Incredulity is rarely a word that crosses my mind when it comes to garden writing. This genre can, of course, be quite straight-forward and descriptive, like Miss Jekyll’s rather boring volumes. It can equally be wildly funny, as when Anne Scott-James and Osbert Lancaster hitch their respective wagons to horticulture and produce a spoof history. But where, oh where did Sam Llewellyn’s exotic aberration spring from? Is it fact or fiction? I don’t think I ever decided which. This is one of those books where you spend the whole time worrying less about what’s happening in the kitchen garden in spring and more on trying to work out what the hell is this place and who on earth is this man with a less-than-house-trained duchess in tow.

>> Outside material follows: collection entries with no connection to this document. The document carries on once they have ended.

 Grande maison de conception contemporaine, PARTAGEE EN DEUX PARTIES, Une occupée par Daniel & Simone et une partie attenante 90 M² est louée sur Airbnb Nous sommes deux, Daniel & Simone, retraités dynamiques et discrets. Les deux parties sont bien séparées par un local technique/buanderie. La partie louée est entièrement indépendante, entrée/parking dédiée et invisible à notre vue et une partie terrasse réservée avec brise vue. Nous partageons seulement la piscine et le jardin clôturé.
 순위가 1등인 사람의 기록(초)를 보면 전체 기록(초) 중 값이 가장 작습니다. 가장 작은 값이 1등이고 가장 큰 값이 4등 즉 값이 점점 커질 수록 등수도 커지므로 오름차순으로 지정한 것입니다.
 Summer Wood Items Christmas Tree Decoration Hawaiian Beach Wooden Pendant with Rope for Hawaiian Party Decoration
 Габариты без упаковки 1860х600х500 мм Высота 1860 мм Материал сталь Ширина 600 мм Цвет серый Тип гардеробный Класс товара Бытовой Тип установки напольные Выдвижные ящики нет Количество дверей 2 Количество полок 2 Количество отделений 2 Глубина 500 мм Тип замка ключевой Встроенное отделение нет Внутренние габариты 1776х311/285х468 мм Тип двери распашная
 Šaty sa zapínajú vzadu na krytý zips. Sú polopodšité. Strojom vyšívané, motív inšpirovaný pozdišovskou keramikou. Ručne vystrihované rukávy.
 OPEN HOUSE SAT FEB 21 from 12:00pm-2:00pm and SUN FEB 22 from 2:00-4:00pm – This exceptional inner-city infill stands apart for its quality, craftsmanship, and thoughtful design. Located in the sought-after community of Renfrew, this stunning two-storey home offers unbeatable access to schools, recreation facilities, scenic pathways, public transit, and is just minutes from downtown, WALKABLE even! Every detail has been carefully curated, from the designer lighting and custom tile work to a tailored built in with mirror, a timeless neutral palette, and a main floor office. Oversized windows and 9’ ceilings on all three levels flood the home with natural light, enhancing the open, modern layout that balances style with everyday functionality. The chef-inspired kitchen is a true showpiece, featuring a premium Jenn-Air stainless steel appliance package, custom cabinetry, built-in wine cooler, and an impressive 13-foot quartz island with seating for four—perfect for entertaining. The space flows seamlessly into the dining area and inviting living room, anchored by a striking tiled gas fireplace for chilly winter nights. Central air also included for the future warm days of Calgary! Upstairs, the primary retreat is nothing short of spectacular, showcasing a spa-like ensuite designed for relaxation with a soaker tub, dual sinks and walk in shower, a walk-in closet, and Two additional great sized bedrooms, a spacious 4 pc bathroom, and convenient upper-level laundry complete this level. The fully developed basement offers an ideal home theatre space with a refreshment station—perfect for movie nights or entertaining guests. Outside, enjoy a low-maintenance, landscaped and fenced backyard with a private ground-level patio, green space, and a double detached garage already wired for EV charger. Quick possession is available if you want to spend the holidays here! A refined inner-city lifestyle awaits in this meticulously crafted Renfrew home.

The author, he reveals, lives in a house in Herefordshire, in the north part of the county. It is called The Hope. He’s not your Alan Titchmarsh earthy son of the soil type or a member of the silk dress and pearls school of the Rosemary Verey variety. He’s highly educated — not everyone listens to Tacitus on headphones while gardening, for a start. He writes novels in France, has a wife, a daughter who gets married and a son called Will. His connections ramble on through the county upper classes with an aunt a daughter of Tresco who marries into St Michael’s Mount. The house has a library and medieval vaulting. It sounds lovely after a fashion.
And then there is the duchess. I wondered whether she might be a figment of the writer’s imagination, as the county isn’t exactly stuffed with free-roaming duchesses. No such luck. She drinks gin like the proverbial fish and smokes Capstans on the scale of a kipper smokery.